There was a time I wished I had gone to HBS or Stanford GSB. While those remain fine institutions, wouldn't any young nerd today prefer YC?


> But don't you think that YC is a business school, by any definition of the word?

No; it's not a school, and it's for entrepreneurs, not businessmen, which is the heart of the distinction I made previously.

> And wouldn't it be interesting to do a comparative ranking alongside traditional business schools?

No, because there's no basis of comparison. You can be a successful MBA without ever in your life working for a company with less than 10,000 people or having more than a token amount of equity compensation. Some MBAs prefer it that way.

> There was a time I wished I had gone to HBS or Stanford GSB. While those remain fine institutions, wouldn't any young nerd today prefer YC?

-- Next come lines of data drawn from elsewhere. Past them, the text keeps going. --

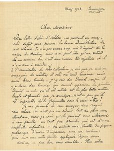 «À l'énumération de votre collection je vois que je suis en compagnie de maîtres et celà me rend heureux mais aussi bien timide. J'y vois des Daniel [de MONFREID] : enfin il y a donc des hommes qui savent apprécier la peinture. Daniel en outre qu'il est artiste est la plus belle nature loyale et franche que je connaisse»...
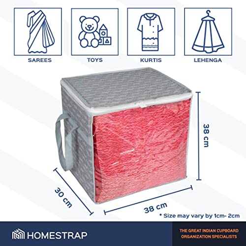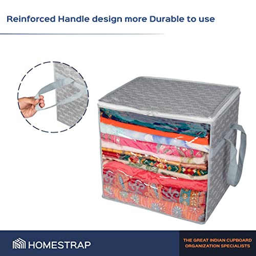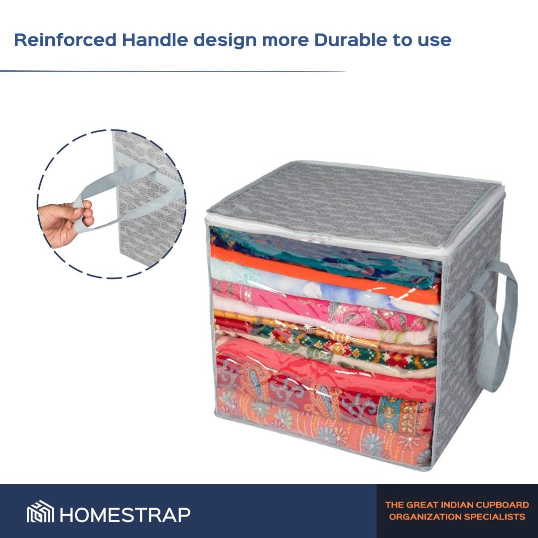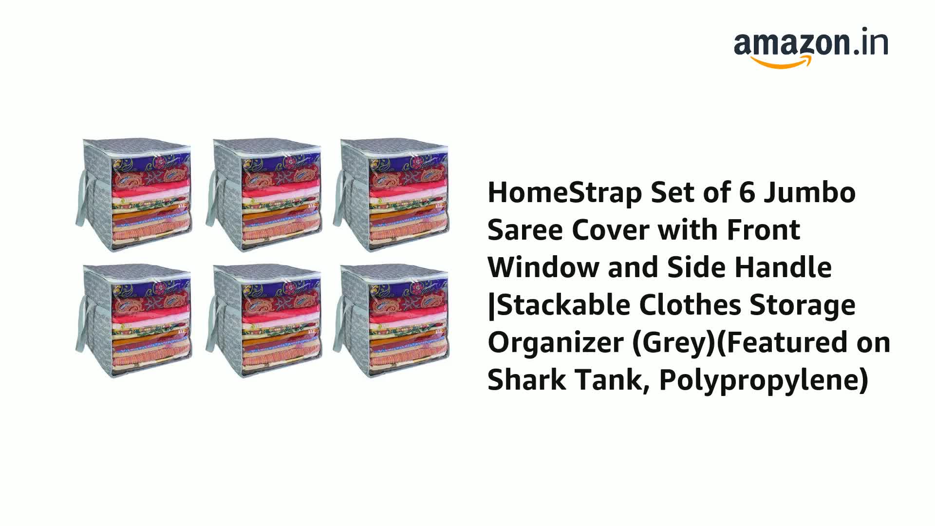 Homestrap Set of 6 Jumbo Saree Cover with Front Window and Side Handle |Stackable Clothes Storage Organizer (Grey)(Featured on Shark Tank Polypropylene)
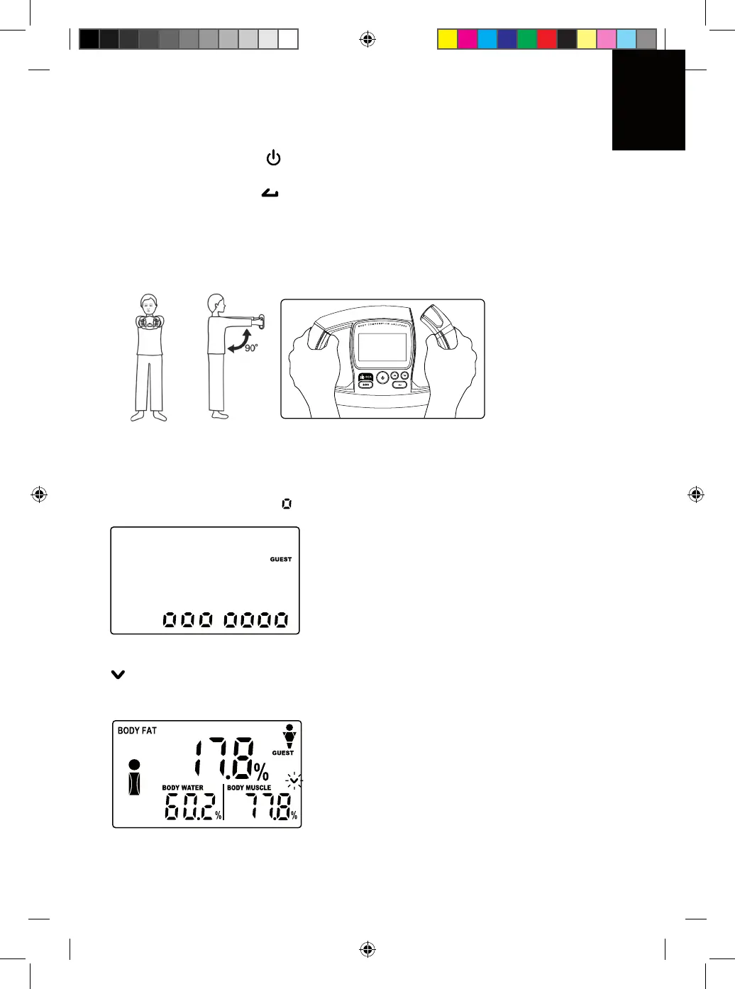 [ BCA ]. Versichern Sie sich, dass beide Hände auf den Metallsensoren der Einheit
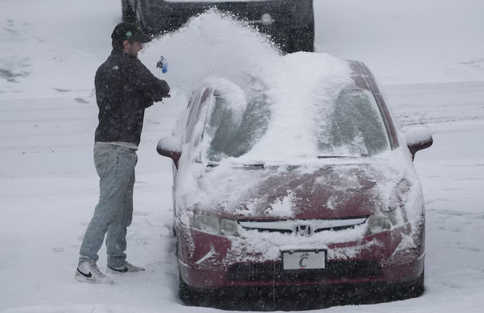 En Kentucky, Louisville registró 19,5 centímetros (7,7 pulgadas) de nieve el domingo, un nuevo récord para la fecha que superó la marca anterior de 7,6 centímetros (3 pulgadas) establecida en 1910.
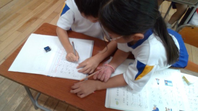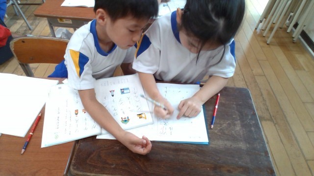 国語科「かたかなをかこう」の学習では、片仮名を読んだり、片仮名の表記の仕方に気を付けて書いたりしました。
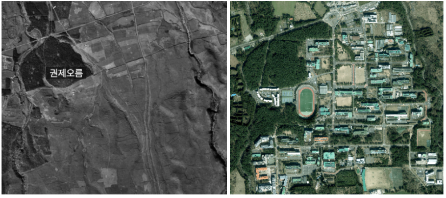 Looking at the photos, the contrast is striking. On one side, you see the oreum standing completely alone before the university moved here in 1980. On the other, you see the modern campus buildings practically hugging the base of the hill. It’s a rare sight to see how the school grew around the volcano without tearing it down.
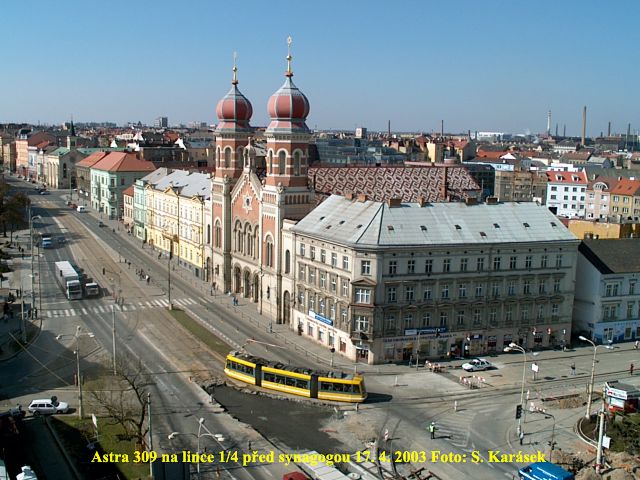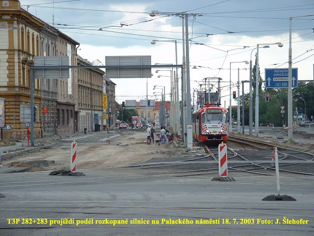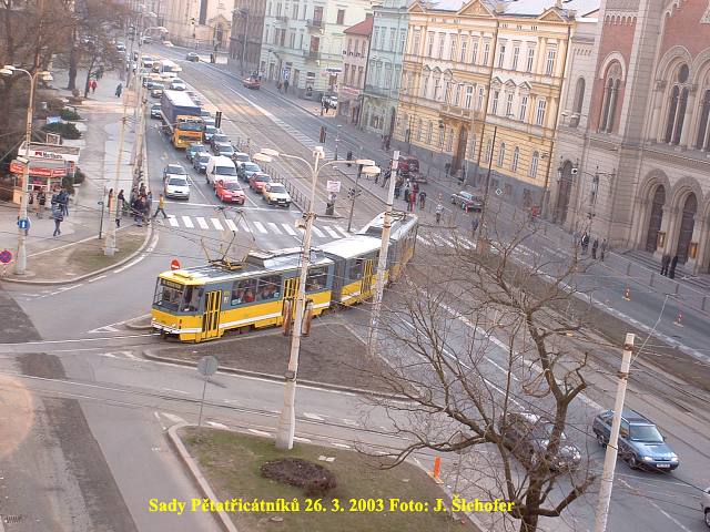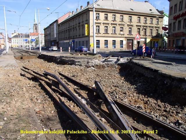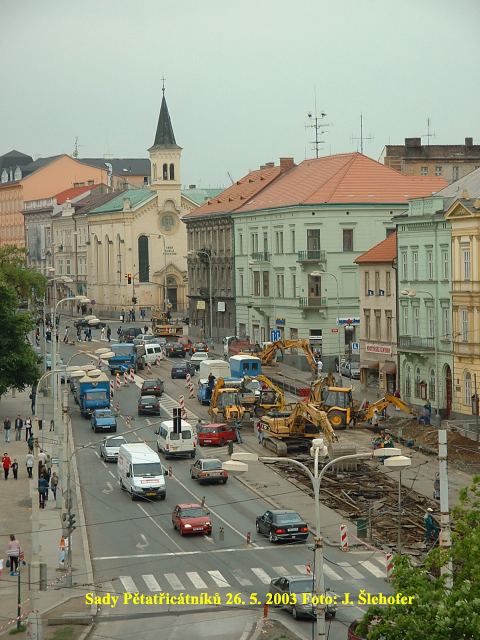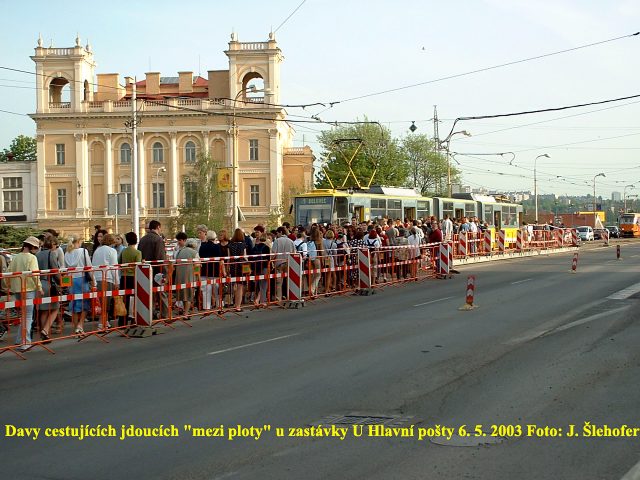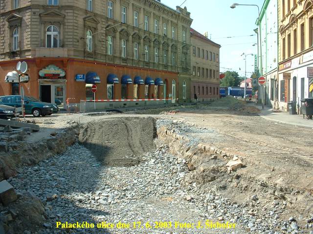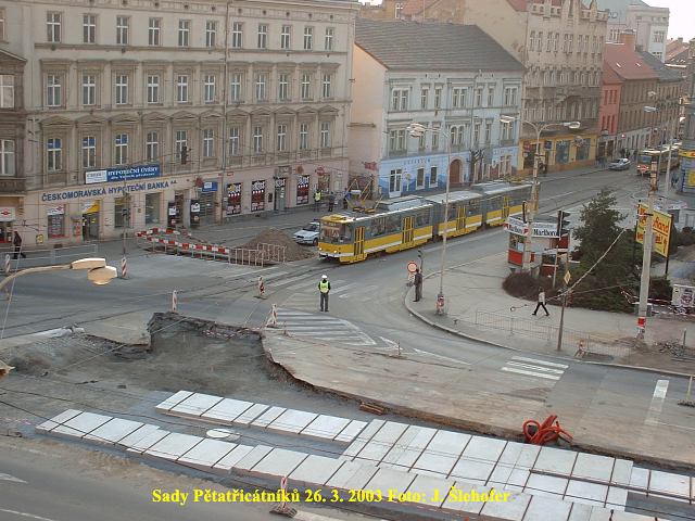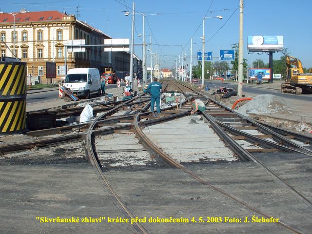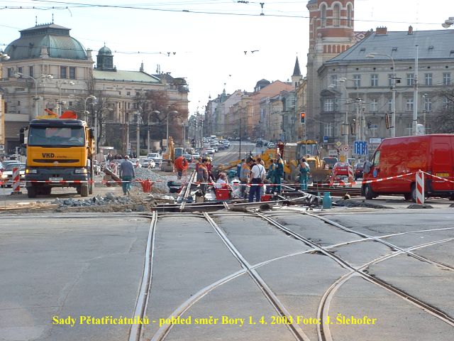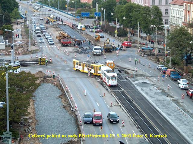 Ve čtvrtek 3. 4. 2003 je již kus nového kolejiště v křižovatce u hlavní pošty částečně zaasfaltováno.
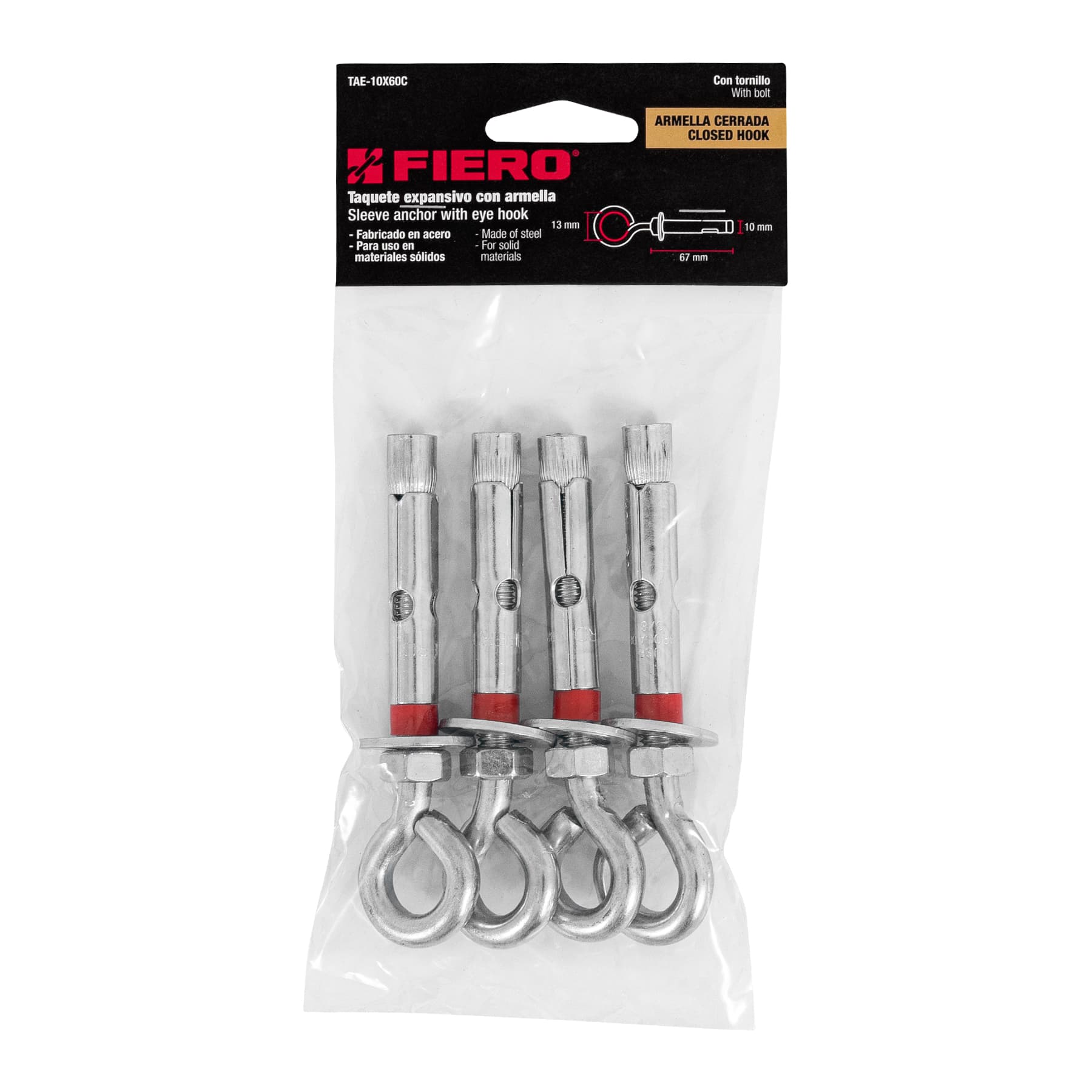 Bolsa con 4 taquetes expansivos 10×65 mm con armella cerrada 47561
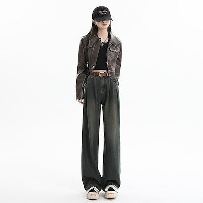 デニムパンツ 脚長効果!百掛けフレンチヴィンテージ 韓国ファッションワイドパンツ美脚ワイドパンツ スウェットパンツ デニムテーパードパンツ ゆったり ワイドパンツ レディース ロングパンツ
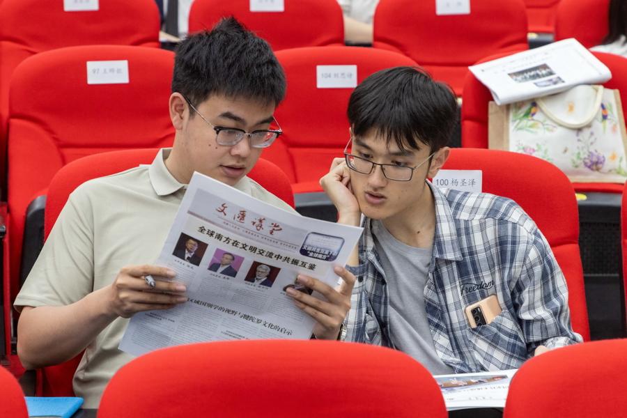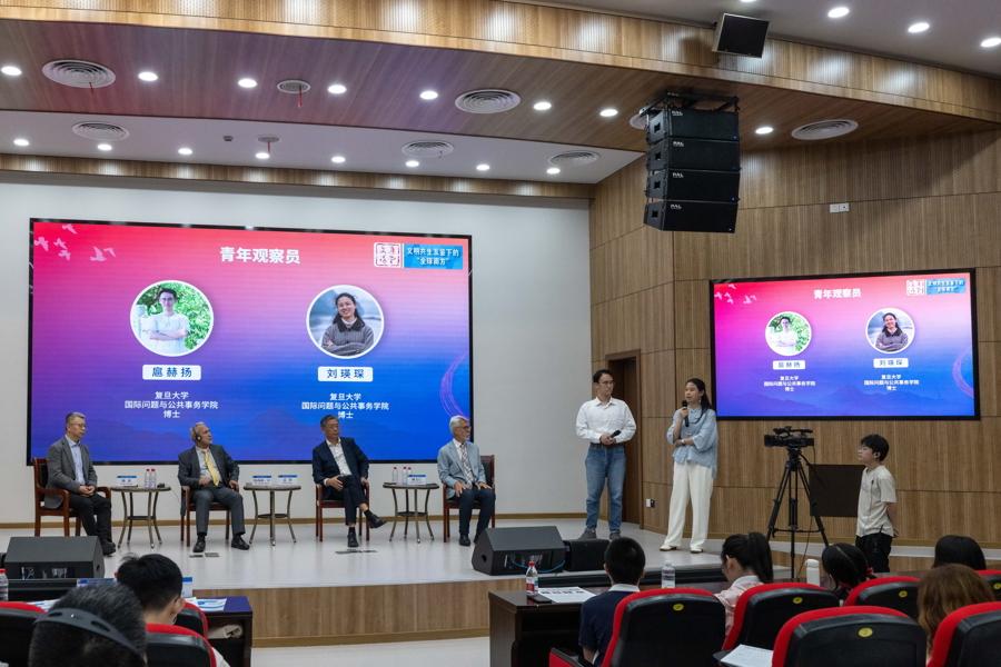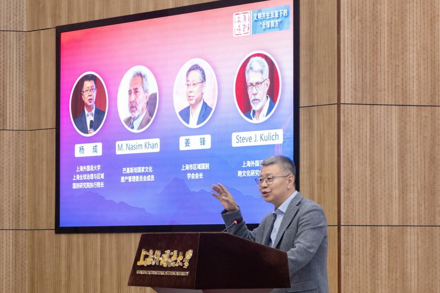 【導讀】文明互鑑落到實處的大金磚會如何求同存異,共同促進全球治理?今天(12日)下午,文匯講堂全球南方第五講《金磚+在全球南方的實踐與挑戰》將舉辦,金磚創始成員國的四位學者同臺共議,上觀App線上雙語直播。在此,借第四講的青年觀察員快評與全場的精彩瞬間回憶6月21日第四講“全球南方在文明交流中共振與互鑑”盛況。講座在聯合主辦方上海外國語大學成功舉辦,該校上海全球治理與區域國別研究院執行院長楊成主講,並在圓桌環節與上海市區域國別學會會長姜鋒、該校跨文化研究中心主任顧力行(Steve J. Kulich)和巴基斯坦國際文化遺產管理委員會成員納西姆·汗(Nasim Khan)開展討論。160餘位聽衆現場參與,上觀APP、央視頻、上外視頻號、文匯報視頻號等直播。

Any "young nerd", as far as I understand the term, would prefer a succession of stable job titles with "engineer" on the end from their first job out of college to retirement to an MBA. Now it turns out most of these engineers can be more valuable as founders, which supports the mission of YC. If it wasn't for the bubble and the social proof surrounding YC it would have never attracted the business-school types and you'd never have this confused association in your head.


I suspect our differences are mostly semantic. I consider all entrepreneurs to be businessmen (although not the reverse, of course). You may have a different definition. That's ok!

Here's the way I view it:

- Look at YC as a transfer function. In go individuals who want to learn how to successfully start a business. Out go many individuals who do indeed succeed starting a business.

- Look at HBS at a transfer function. Difference is that the individuals spend a lot more time inside the black box, do a lot more "makework", usually end up with debt not equity, and fewer of them succeed at starting a business. Still a great institution! And clearly many HBS students want to go work for Goldman Sachs, and go on to have great careers doing so.

I'm just saying that higher ed needs to be reinvented, and that reinvention will necessarily happen in ways that dont look like conventional education. Like YC.


To whatever extent business schools are replaced by something like YC, it'll be to the same extent that large businesses are replaced by smaller and more granular businesses generating massively more revenue per employee. That was more or less what I was hinting at with the battleship/dive bomber analogy. It's not that YC is taking the place of business school, or that the types of people who went to and thrived in business school will be attracted to YC. It's that creative people like hackers and designers will learn just enough business to handle it themselves and the types of people who get MBA's will have to learn to work for a living.


If they can scale, they can create more value (for themselves, for the alumni network, for founders in general). If they successfully can scale it, there'd be minimal dilution (and, as they mention in the article, some additional network benefits to the companies/founders).


What if the number of quantity startups has grown though? If last batch they had 66 startups that were judged as good enough to be in the program and this time they see 100 that make that grade, they can take 100 and quality shouldn't drop off.


It sounds like they have room to grow on the quality scale. They miss some good ones, as a recent HN post on a successful reject (who just missed the cutoff) showed.